= Bolota Asmerom =

Eritrean long-distance runner

Bolota Asmerom (born 12 October 1978) is a long-distance runner who competed for Eritrea before gaining a US visa in 2002. He attended McAteer High School in San Francisco and graduated in 1995. His personal-record for the 5k in high school cross country was 15:59. He placed 6th in CIF cross-country championships Division 3 in his senior year. After High school, he went on to attend the University of California. Bolota has a brother, Yonathan, who was also on The University of California Track and Field Team.

==Eritrea==
In 2000, while studying at the University of California he represent Eritrea at the 2000 Summer Olympics in Sydney, he entered the 5000 metres where he finished 16th in his heat so didn't qualify for the final.

==United States==
In May 2002 he gained US nationality, he entered for the 2004 United States Olympic Trials (track and field), although he finished third he didn't have the Olympic "A" standard time to qualify.
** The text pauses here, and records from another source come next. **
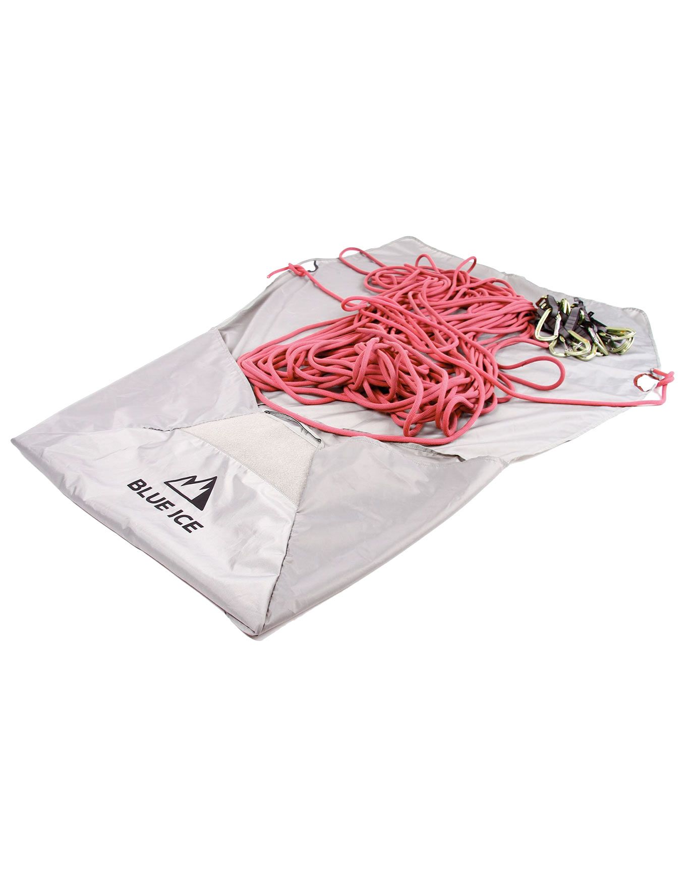 Sac à corde Blue Ice Rope Tarp convertible en bâche pour transporter et protéger votre corde sur les sites d’escalade, certifié Bluesign® sans PFC, avec poignées de transport, fermeture velcro et zone d’essuyage des pieds.
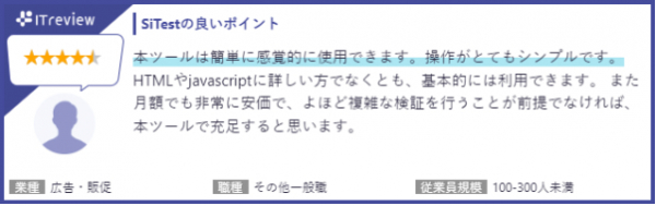 SiTest へのレビューは下記ページよりご確認いただけます。
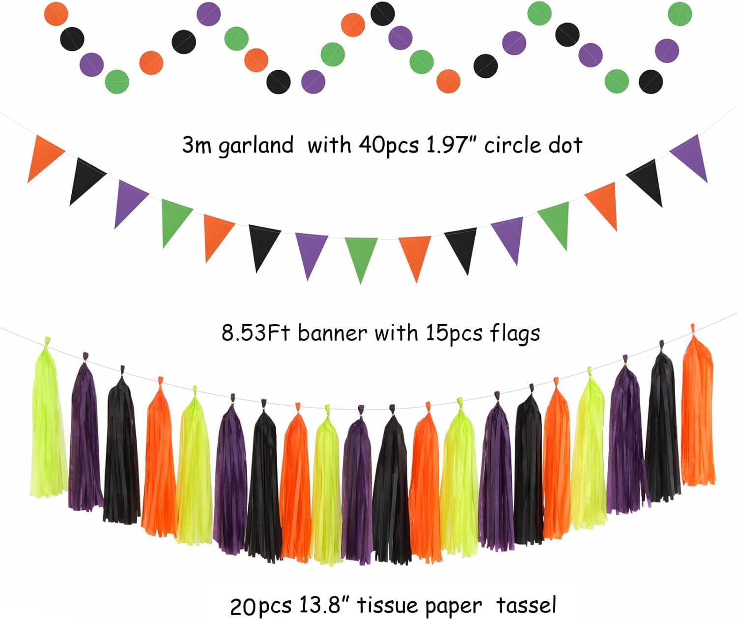 - Unique Design:Unique orange black purple green mix and match make your party more vibrant and gorgeous. This design is suitable for halloween to create a better atmosphere.
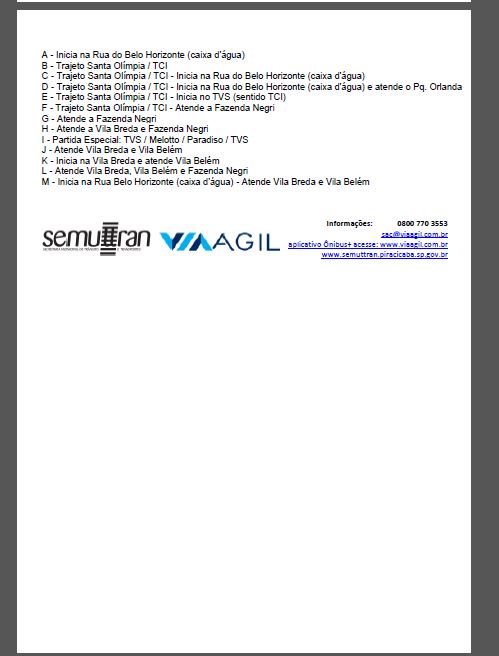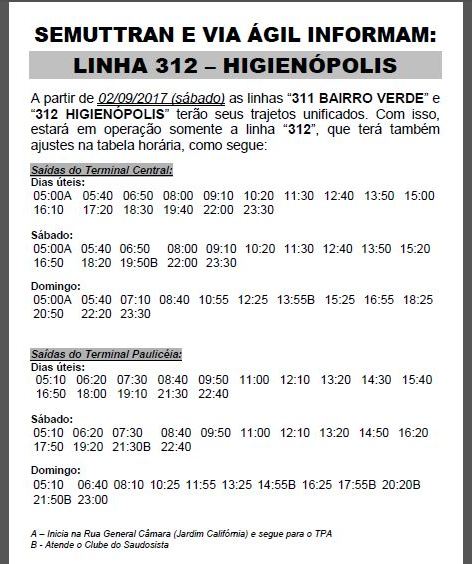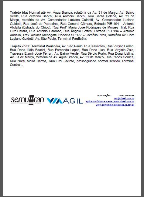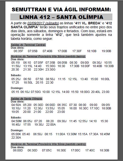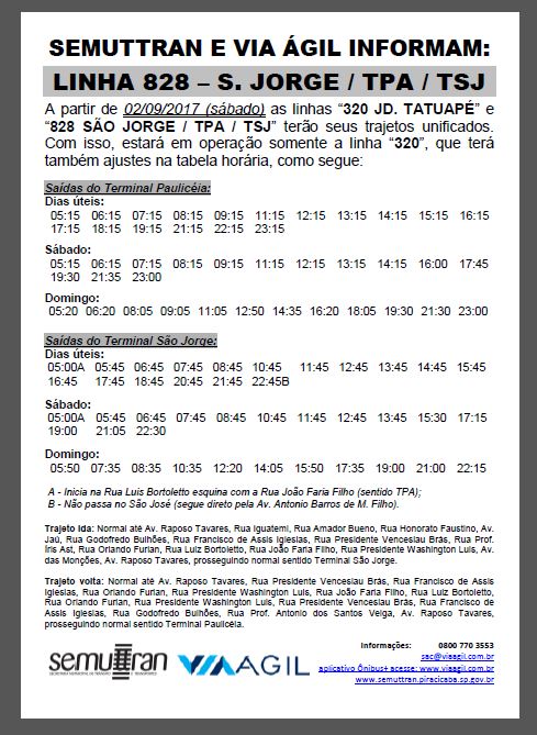 A Secretaria Municipal de Trânsito e Transportes (Semuttran) e a empresa Via Ágil unificaram os trajetos de oito linhas de ônibus. A medida adotada pela Pasta e a empresa compreende as linhas 021 (Monte Alegre) e 246 (Carlos Botelho), 311 (Bairro Verde) e 312 (Higienópolis), 320 (Jardim Tatuapé) e 828 (São Jorge/ TPA/ TSJ), além da 411 (Vila Breda) e 412 (Santa Olímpia). Segundo a Semuttran, a alteração deve melhorar o atendimento aos usuários do transporte coletivo.
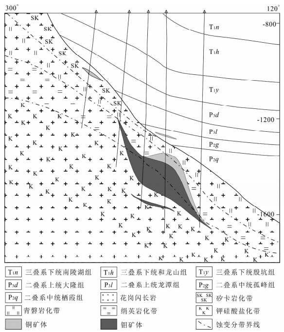 ![]() | 图 4 胡村南铜钼矿床94线剖面矿体及蚀变分带Fig. 4 Ore-bodies and alteration zoning of the 94 line profile of the South Hucun Cu-Mo deposit |
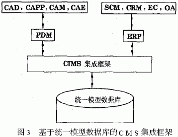 CMS 系统的应用集成框架基于统一模型数据库, 支持PDM 系统和ERP 系统的各种应用软件的集成。通过企业级PDM 系统可以实现CAD,CAPP, CAM , CA E 等CAX 应用软件的集成。企业级ERP 系统的扩充与延伸可以与CRM , SCM , EC,OA 等系统实现集成。所以, CMS 系统的应用集成框架主要为PDM 系统和ERP系统的集成提供标准接口。基于统一模型数据库的CMS 集成框架如图3 所示。PDM 系统和ERP 系统可以保留各自的数据库, 通过CMS 集成框架实现PDM 系统数据库和ERP 系统数据库与统一模型数据库的同步更新, 保持数据的完整性与一致性。

In the 2008 United States Olympic Trials (track and field) he was in a good position going into the final turn before being bumped off the track thus losing his rhythm and finishing in fourth place. Asmerom went to McAteer high school in San Francisco, graduated from UC Berkeley, and now lives in Oakland, CA.

Asmerom spent one semester studying counseling psychology at the University of San Francisco. He is currently a coach.